The occurrence and development of DVT in the actual clinical environment is the result of the long-term interaction of multiple risk factors. The progress of disease is complex as well. The impact of predictors on the occurrence of DVT is judged solely by whether there is a statistical difference, which is different from the clinical situation and the pathophysiology of DVT. The machine learning algorithm can present the degree of influence of all predictors51,52. Therefore, the prediction model based on machine learning can fully reflect the impact of all predictors on DVT, and its results are closer to the actual clinical diagnosis and treatment.

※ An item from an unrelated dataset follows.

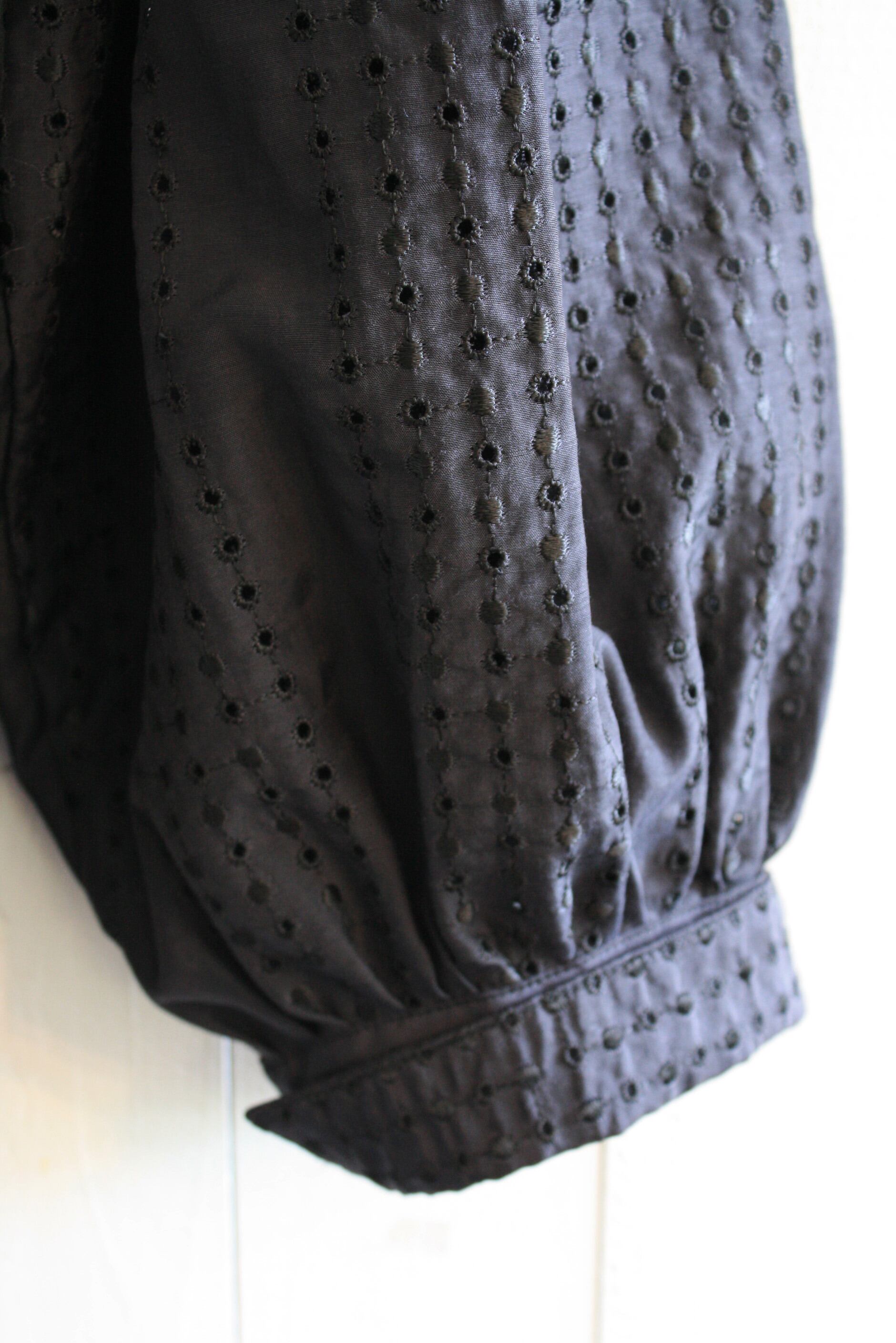 首元と、袖口に細かくとられたタック、ふんわりとしたAラインのシルエットにラウンドカラーで、ノスタルジックでロマンティックな印象です。

We included variables possibly associated with DVT in the current algorithm to obtain accurate predictions. However, some limitations need to be considered when interpreting the findings of this study. First, there is a lack of detailed description of the variables regarding medication and lifestyle during hospitalization, such as antiplatelet, anticoagulant, antihypertensive, hypoglycemic, chemotherapy, antibiotics, diets, and physical activity, which may lead to some confounding effects. Second, we are unable to obtain symptoms and signs such as pain, cramping, heaviness, pruritus, and varicose veins at the site of DVT, which can hinder a more comprehensive analysis. Although vascular ultrasonography has gradually replaced venous angiography and is widely used, this method is not the “golden standard”. As a result, the possibility of a false positive or false negative in DVT diagnoses cannot be ruled out in this study. In addition, it was difficult for us to include all variables that may affect the statistical results. The relationship between variables and DVT is correlation, not causation. Therefore, the findings should be interpreted in the context of the clinical situation. Furthermore, no external datasets were used for validation in this study and all models were validated only with cross-validation and a test set during training. Finally, this study lacks comparability with previous studies due to the high variability and lack of sharing of medical data across hospitals. Therefore, the creation of large-scale databases that can be freely accessed plays a vital role in future research and attention should be paid to standardised data management.

Conclusions

Age, hypertension, fibrinogen, surgical grade, platelets, T triacylglycerol, free fatty acid, d-dimer, globulin ratio, and diabetes are potentially important predictors of DVT. On our data set, the XGBoost model is the most effective in predicting the occurrence of DVT in patients with lower extremity fractures during hospitalization while it still needs external verification research before clinical application.